Hannah Braithwaite is a curator and writer working on a Master’s in Curatorial Practice at the Glasgow School of Art. She is currently based in Tkaronto/Toronto. Her previous exhibitions include Looking at People Looking (Or Not Looking) At Art More or Less 1 Mile from Here (2019), (Dis)CONNECT (2018) and an unrealized project with the Hunterian Museum and Art Gallery, Glasgow. She holds a Bachelor’s of Fine Arts in Art History from Concordia University. She is interested in queer archival practices and storytelling, domestic spaces, craft and their political importance.

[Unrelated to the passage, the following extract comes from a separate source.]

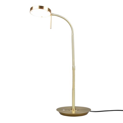Matt sárgaréz színű fém íróasztali lámpa billenthető karral, érintéssel fényerőszabályozható, bépített LED fényforrással. A LED színhőmérséklete állítható 2300,3000,4000K között.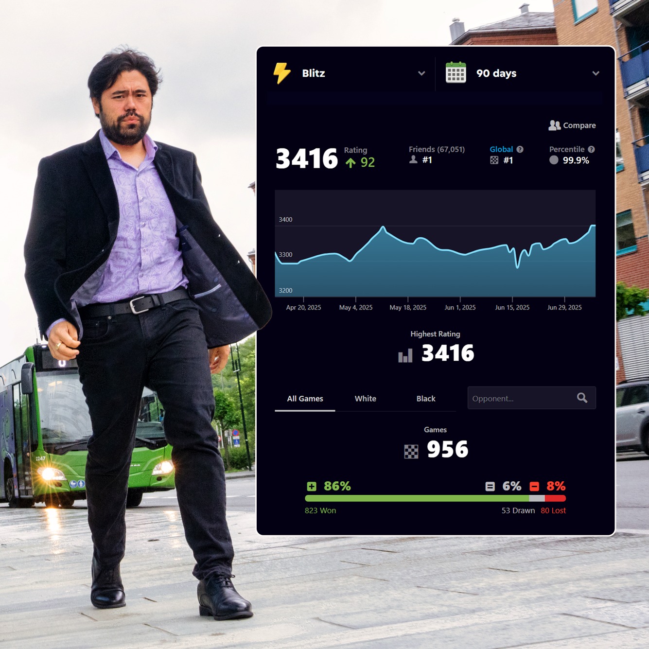 During his Titled Tuesday victory, Hikaru Nakamura reached a staggering 3416 Blitz rating - a site record!

Her most recent project, having been touched on the surface, is a zine and online appendix for queer women to reflect upon the spaces they inhabit and create. Initiated by Hannah Braithwaite in collaboration with and featuring new writing from Hannah Karpinski and Isabelle Joy-Stephen, the project explores queer friendships, ephemera, and domestic space, inspired in part by José Esteban Muñoz’s text “Ephemera as Evidence”. Ephemera, defined by Muñoz, accounts for the residues of queer life. In having been touched on the surface, ephemera takes the form of sewing patterns, shared clothing, and familiar routines. The zine will be published in a limited run in September of 2020 and will not be available online, rather distributed locally by the collaborators.
The accompanying online appendix shows fragments of the many works that inspired and innfluenced this project. It can be found at surfacezine.tumblr.com.